╭──
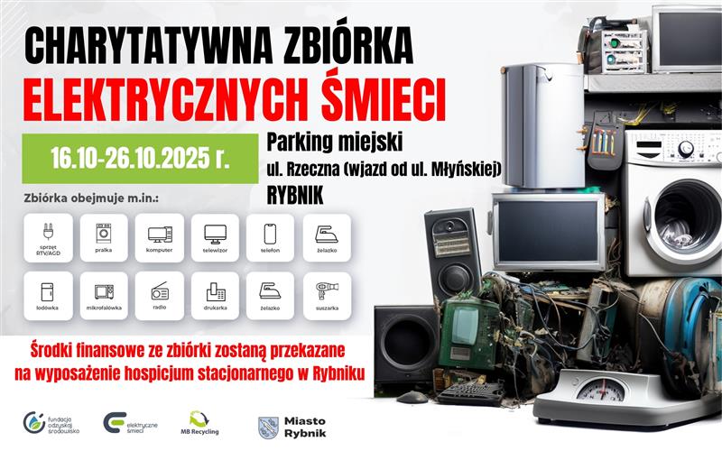 Od 16 do 26 października w Rybniku odbędzie się wyjątkowa, charytatywna zbiórka elektroodpadów. Akcja prowadzona jest pod honorowym patronatem Prezydenta Miasta Rybnika, a cały dochód zostanie przeznaczony na wyposażenie nowo budowanego hospicjum, które wkrótce będzie służyć najbardziej potrzebującym mieszkańcom i ich rodzinom.
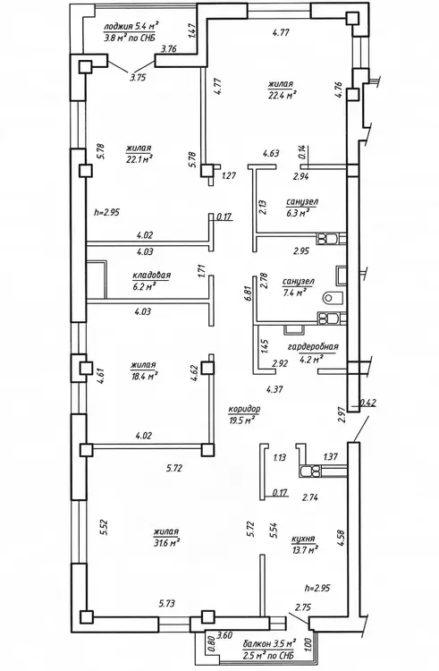 Площадь указана по СНБ.
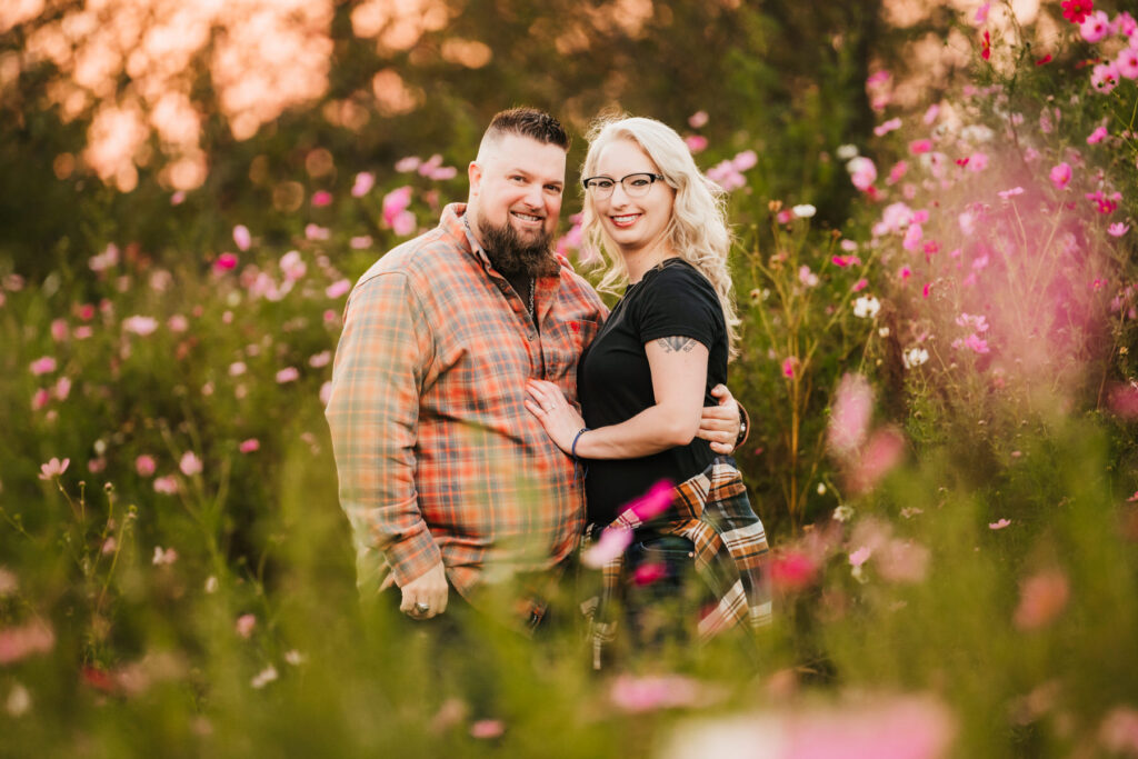 Katie and Adam’s story is rooted in intention, resilience, and quiet humor. Katie, a night-shift nurse originally from the Geauga area, and Adam, who works in private security and is deeply involved with the Marine Corps League and Toys for Tots, now call Canton home. Their engagement was as memorable as it was real—on top of a snow-covered mountain after a nerve-wracking hike, where Katie felt the fear of the climb and Adam felt the pressure so intensely he actually threw up before proposing. For their wedding day, they were most excited about photos that feel honest and complete: candid moments, getting-ready images, barn and wildflower scenes, glowing sunset light, and a full view of the celebration from above if possible. Their ceremony welcomed by all of their favorite people, a special dad reveal, their dog Frodo, a brother serving as flower girl and ring bearer, nieces in the bridal party, and Adam’s Marine friends standing beside him—every detail chosen to reflect the people and moments that matter most to them.
╰──
DESCRIPTION OF THE TASK: Only the lines from the top of the material above down to the line bearing "Площадь указана по СНБ.", that line included, should be set down exactly; no pictures.

RESULT OF THE EXERCISE:
 Od 16 do 26 października w Rybniku odbędzie się wyjątkowa, charytatywna zbiórka elektroodpadów. Akcja prowadzona jest pod honorowym patronatem Prezydenta Miasta Rybnika, a cały dochód zostanie przeznaczony na wyposażenie nowo budowanego hospicjum, które wkrótce będzie służyć najbardziej potrzebującym mieszkańcom i ich rodzinom.
 Площадь указана по СНБ.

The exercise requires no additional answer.